In this paper, in order to achieve credible detection, we propose a credible malware detection method based on the VMCADR method that does not affect user privacy. In this work, when the malware process is active, we use the Xen tools to obtain a continuous memory snapshot of the VM running test program after a specific time interval. The whole process is credible, because we obtain the VM memory dump from outside of the VM running test program. And it is not interfered by malware running in the VM.

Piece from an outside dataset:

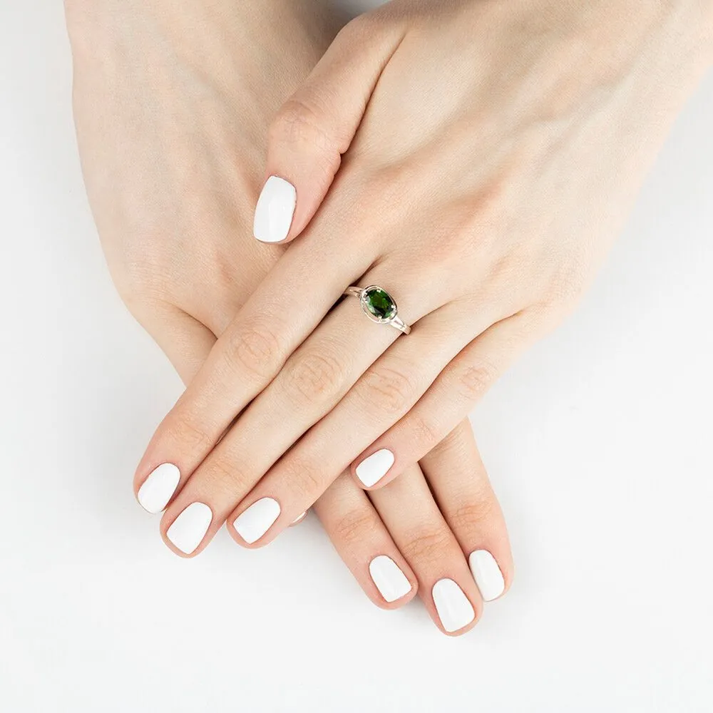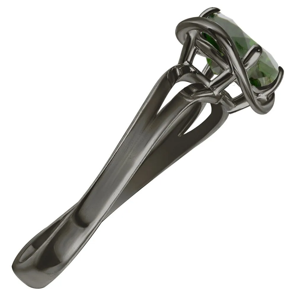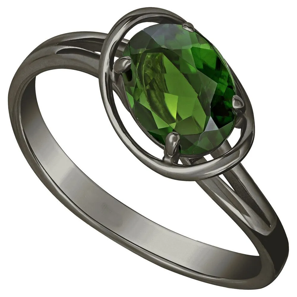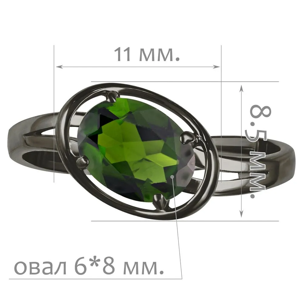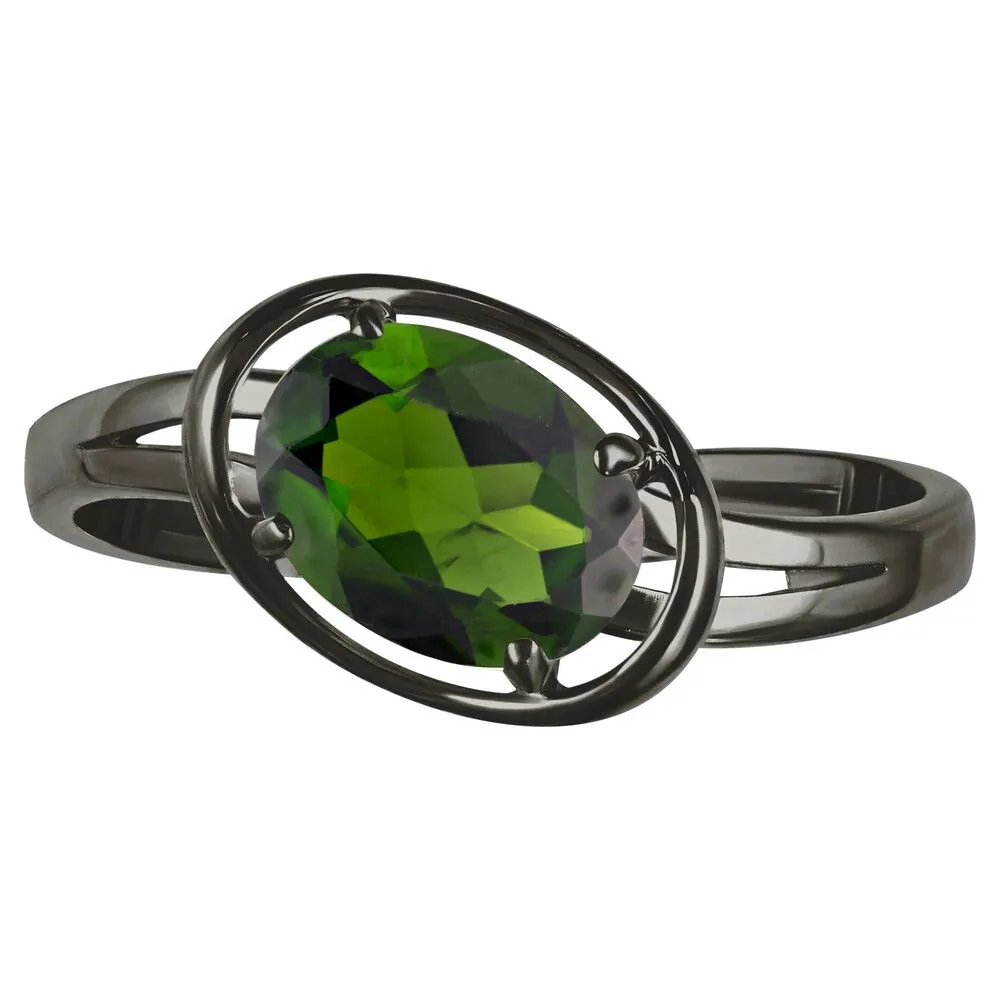 Серебряное кольцо с натуральным хромдиопсидом - коллекция Фрейя / Черный Родий. Средний вес украшения с камнями 2.37 гр. Месторождение: Хромдиопсид (Якутия, Россия). Ювелирные вставки: Хромдиопсид (Натуральный) овал 6*8 мм., средний вес: 1.11 карат. Все изделия собственного производства и имеют гарантию 12 месяцев, к каждому изделию прилагается паспорт. Арт. 8173BR

Because the acquired memory data is very large, we use VMCADR to process it. First, we propose an algorithm MDIFF to reduce the dimensionality of memory feature data. And the obtained data MCA file has the features that play an important role in subsequent malware detection. Because the obtained MCA file is a low-level binary file, we use visualization technology to process it. After converting the MCA file into grayscale and RGB images, we proposed our own neural network SNN model. The SNN model has the advantages of higher detection rate and lower time cost than the traditional Inception-ResNet-v2 model in detection.

7.1. Limitations

While VMCADR has an excellent detection rate on malware detection, it still has some limitations. First, the memory snapshot we get from the VM is 2 GB in our experiments. However, most of the VM memory on the cloud is larger than 2 GB. When taking a VM memory snapshot, we need to suspend the VM about 5 seconds, which may affect users. In addition, obtaining MCA files and visualization processing also require additional time overhead.

7.2. Future Work

The testing of multiple programs will be carried out in our future work. Besides, we will consider more reliable features into malware detection methods, such as hardware features of hardware counters. Because the data features generated by the underlying hardware have high reliability, it may be possible to further improve the accuracy of detection.

Data Availability

Some or all data, models, or code that support the findings of this study are available from the author Luxin Zheng upon reasonable request via e-mail.

Conflicts of Interest

The authors declare that there are no conflicts of interest regarding the publication of this paper.

Acknowledgments

The authors would like to thank all of the team members and those who have helped this work. This work is supported by the National Key R&D Program of China (2016YFB0800805) and the Major Projects of Science and Technology Service Industry in Tianjin (16ZXFWGX00140).